If you had a drive system which was optimal ( a 1 g continuous acceleration, followed by an equivalent continuous decceleration, so no free fall cruising period, and it feels as if you're standing on Earth all the time) it'd take about a couple of weeks, at worst. Unfortunately, such a drive is unlikely with any reaction-based system (which is all anybody's seriously considering at present.) The reason for the extreme physical stress is mainly energy problems. Admittedly, if we pushed the human limits and brought it down to a few days (not theoretically impossible, but practically improbable) there would be an interesting problem of particle screening at turnover; still, if we managed the propulsion, I'm sure the screening wouldn't beat us (superconducting Faraday shield perhaps?


----------



## Admiral Ryouhei (Feb 3, 2007)

*Spaceship Armor Carbon Nano-Buckybark*

Okay, more key points to inter-stellar travel, then


-1G-2G Drive System
Chemical>Plasma>Ion>Gravatic?

-Particle/Radiation/Moicro-Debris Shielding of crew and systems
Carbon Nano-SuperFiber Resin Shell?
~Okay, create a tiny carbon buckytube, twist it into a tight spiral, cover that nano-tube structure with another, again, twist into a spiral structured rod, finally sheath this in a connected double-layer carbon crystal nano-tube (aka diamond nano-tube), NOW, stack this "nano-fiber" segment about three layers deep around the spacecraft according to its design so that the vessel is covered in a carbon "bark"

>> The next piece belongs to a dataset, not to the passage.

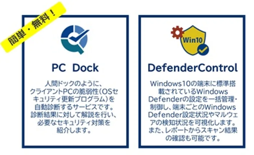 「必要な時」に「必要な対策(機能)」を選択・利用できる情報セキュリティ対策サービスです。企業が保有するPCの運用管理に必要なセキュリティ対策をクラウド上で提供します。社内・在宅勤務・海外拠点など利用環境を問わず、インターネット環境があればVPN不要で運用管理が可能です。2021年8月2日より販売を開始し、無償のクライアントPCセキュリティリスク自動診断「PC Dock」、Windows Defenderの集中管理ツール「DefenderControl」を提供しています。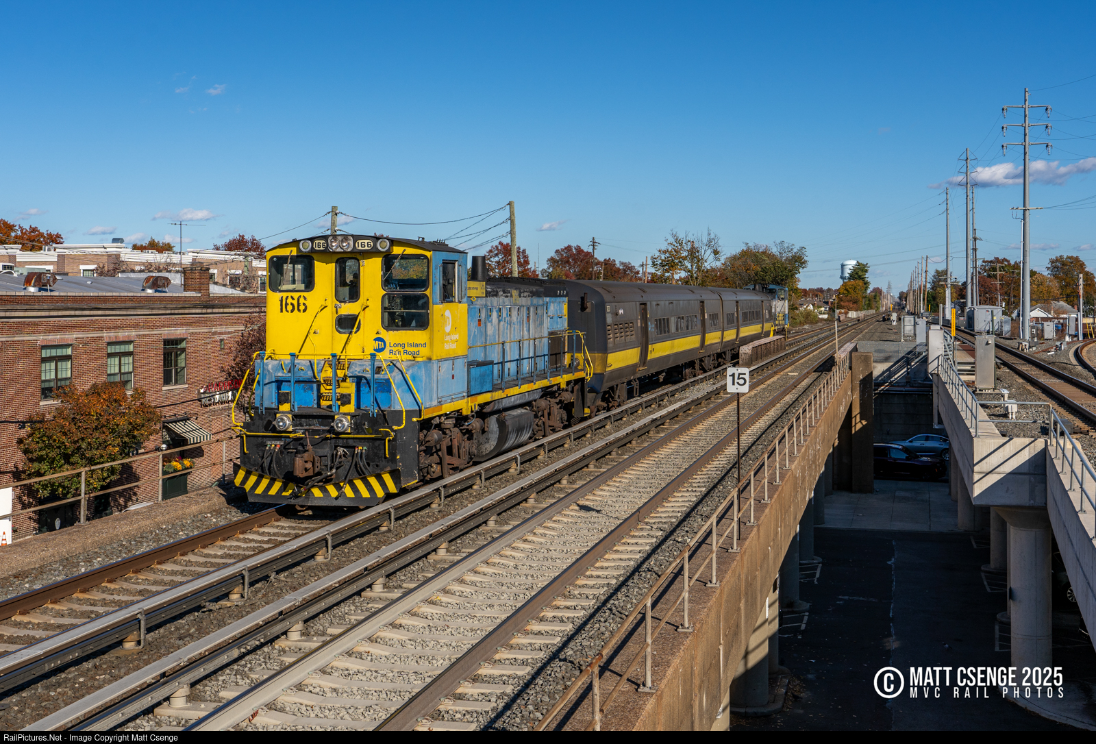 Hit Me With Those Laser Beams! Long Island Rail Road (LIRR) MP15AC no. 166 leads the rail road's laser train towards Floral Park Station, en-route to Queens Village. Two retired Budd M3 cars - numbered E901 and E902 - were converted for this seasonal service, cleaning the rails of slimy, slippery residue from crushed leaves. Locomotive 158 brings up the rear of the train, allowing for quick turnarounds when changing direction.

~okay, the segments themselves, I assume, would still be quite small width-wise, length of maybe a foot at most (?) or perhaps a few inches or millimeters (again, (?)) so these will be arragned into a sort of 'plate' shape, and placed on the hull so that they overlap, making it a sort of space-age scale-mail armor.  If these nano-fiber bark armor plates were about a few feet at their largest size, then replacement would be no problem if one actually did become damaged in any way.

Now if the plate as it is already becomes deemed not good enough, then simple addin on more layer to the nano-tube segments, again a carbon-chain structure, but instead of using hexagins as the base shape, use triangles, add one or two layers of the triangle carbon structure in depth, and I think we would have something akin to Adamantium, only not designed with atmospheric reentry in mind.

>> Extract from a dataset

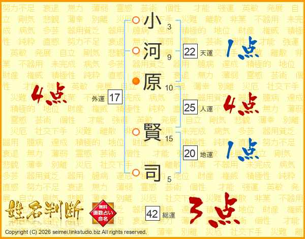 小(3画)河(9画)原(10画) 賢(15画)司(5画)

In fact the adamantium could be a structure form usable with any element, so you have carbon adamantium, then tungsten or titanium adamantium.

BUT, with the prepossed oringinal structure in mind, you may be able to cut out the daimond coating and the second spiraling of the nano-tube structure.  I imagine just that by itself applyed in several layers would be sufficient enough to ward off all but the nastiest of inter-stellar debris both large and small.

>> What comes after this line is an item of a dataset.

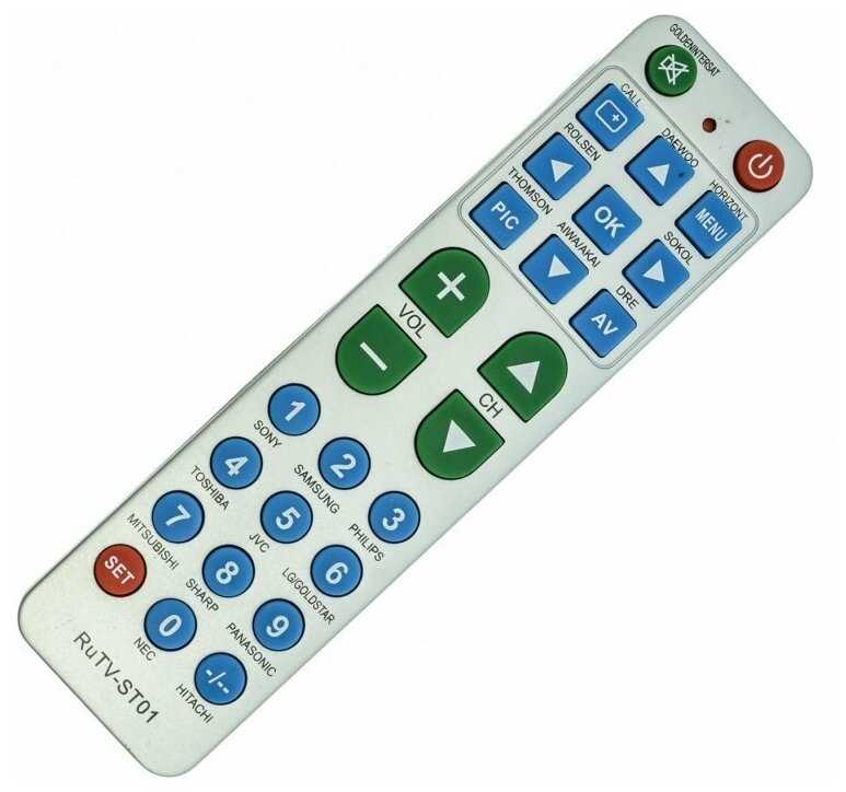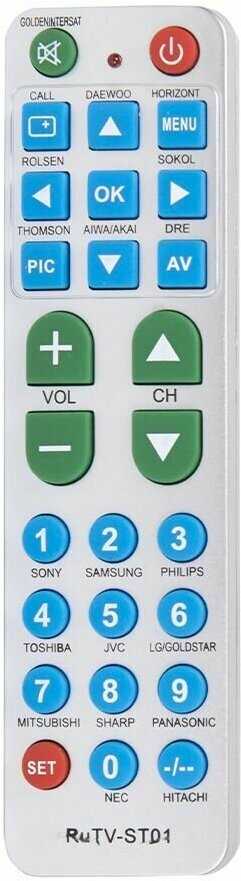 | Производитель совместимых устройств : | Aiwa, Akai, Akira, BBK, BEKO, Daewoo, Elenberg, FUNAI, Hitachi, Horizont, JVC, LG, Panasonic, Philips, Polar, Rolsen, Rubin, Samsung, Sony, TCL, Thomson, Toshiba, Vestel, Витязь |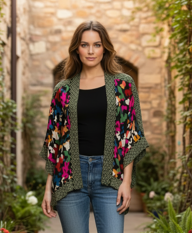 Add a bold touch to your winter wardrobe with the Raelyn Abstract Kimono. Use this statement piece to elevate any outfit, whether it's monochromatic or paired with jeans. The embroidered border adds a touch of texture and sophistication.

Transportation is another matter, I'll leave it to you guys to figure out ^_^


Jya, Ryou


----------



## Gunny (Feb 6, 2007)

I would be interested in hearing arguements about trajectory correction, to increase / decrease velocity in order to avoid the unforseen obstacles that have a habit of getting in the way.

Point A to B travel in a straight line is simple enough.


----------



## Admiral Ryouhei (Feb 7, 2007)

and I'm still chopped liver

I think before we get to mars, we'll be colinising the earth-moon orbits will hydrponic farms and moving porcesses that polute the atmosphere into space as well, or at least the moon.

and we'll be turning the surface of earth into one big energy farm, a green one with lots of greenery coming back, and an increase in non-endangered species.

but global destruction is a long-ways off in my mind.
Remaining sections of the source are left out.